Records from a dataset
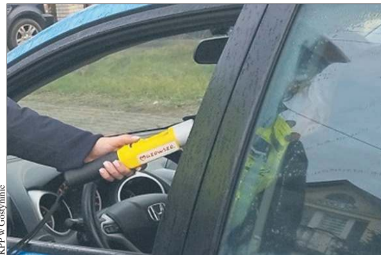
KPP w Gostyninie

Kobietę czekają również konsekwencje za kierowanie pojazdem bez wymaganych uprawnień oraz prowadzenie po-
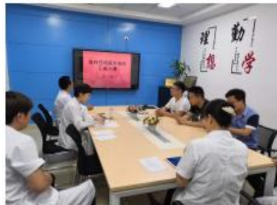
学员病例汇报大赛
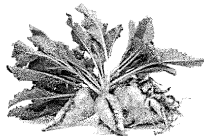
Suikerbieten zijn de grondstof voor suiker.

Een fabriek is een bedrijf dat met machines producten maakt. Vaak staat een fabriek dicht bij de plek waar de grondstof voor de producten vandaan komt. Een snoepfabriek staat bijvoorbeeld vaak dicht bij de plek waar suikerbieten groeien. Een snoepfabriek is een voorbeeld van de voedingsindustrie: het is een fabriek die voeding maakt. Van suikerbieten wordt eerst suiker gemaakt. De suiker is een halfproduct: er wordt nog iets anders van gemaakt: snoep! Een fabriek, maar ook alle andere bedrijven waar mensen werken, is een werkgever. Mensen die bij een bedrijf werken zijn de werknemers van dat bedrijf.
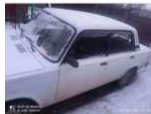
Фото №4. Общий вид
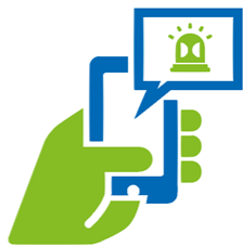
Omainen / Hoitaja
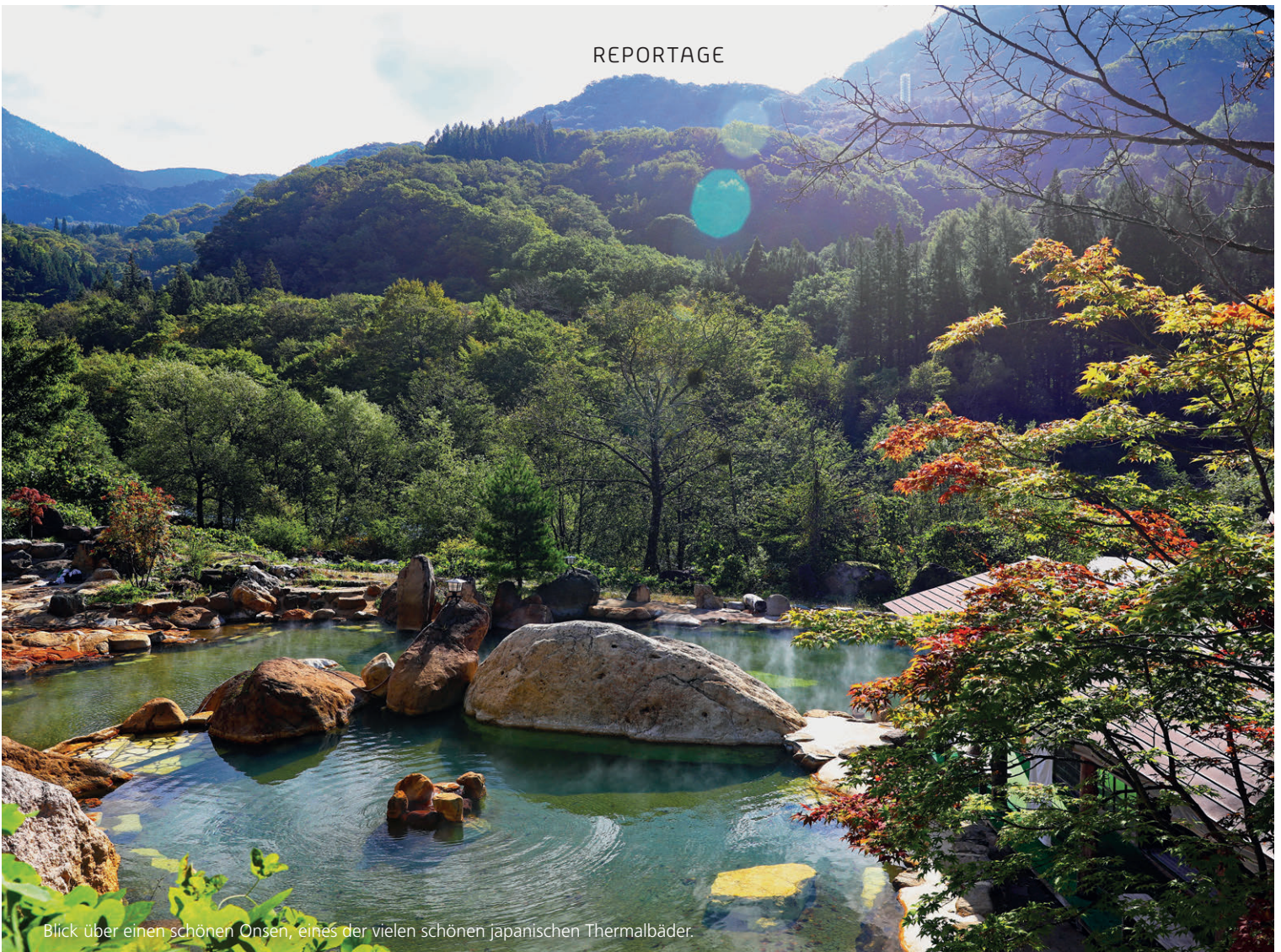
Blick über einen schönen Onsen, eines der vielen schönen japanischen Thermalbäder.

Genug Reise-Alltagskram, Zeit für Sehenswürdigkeiten! Mein erstes grosses Ziel ist die Tempel-Stadt Nikko, die wunderschön in den Bergen im gleichnamigen Nationalpark liegt. Ich steuere den Campingplatz im Süden der Stadt an. Im Grunde sieht das Gelände fast aus wie ein Campingplatz in Europa. Er verfügt über Stellplätze im Wald, teilweise sogar mit Stromanschluss. Der Anschluss ist übrigens der gleiche wie in Nordamerika. Duschen und Toiletten sind ebenfalls vorhanden, sogar Waschmaschinen und Trockner. Zu verstehen, wie man die Maschinen bedient, ist allerdings für uns Europäer eine Herausforderung, da alles nur auf Japanisch angeschrieben ist. Ich gehe weiter, die Reise hatte schliesslich erst begonnen, und noch gibt das Reisegepäck genug frische Wäsche her, so dass ich das Thema Wäschewaschen gut vertagen kann.

Work instructions: All lines in the records above that contain "grondstof" are to be reported.

Exercise output:
Suikerbieten zijn de grondstof voor suiker.
Een fabriek is een bedrijf dat met machines producten maakt. Vaak staat een fabriek dicht bij de plek waar de grondstof voor de producten vandaan komt. Een snoepfabriek staat bijvoorbeeld vaak dicht bij de plek waar suikerbieten groeien. Een snoepfabriek is een voorbeeld van de voedingsindustrie: het is een fabriek die voeding maakt. Van suikerbieten wordt eerst suiker gemaakt. De suiker is een halfproduct: er wordt nog iets anders van gemaakt: snoep! Een fabriek, maar ook alle andere bedrijven waar mensen werken, is een werkgever. Mensen die bij een bedrijf werken zijn de werknemers van dat bedrijf.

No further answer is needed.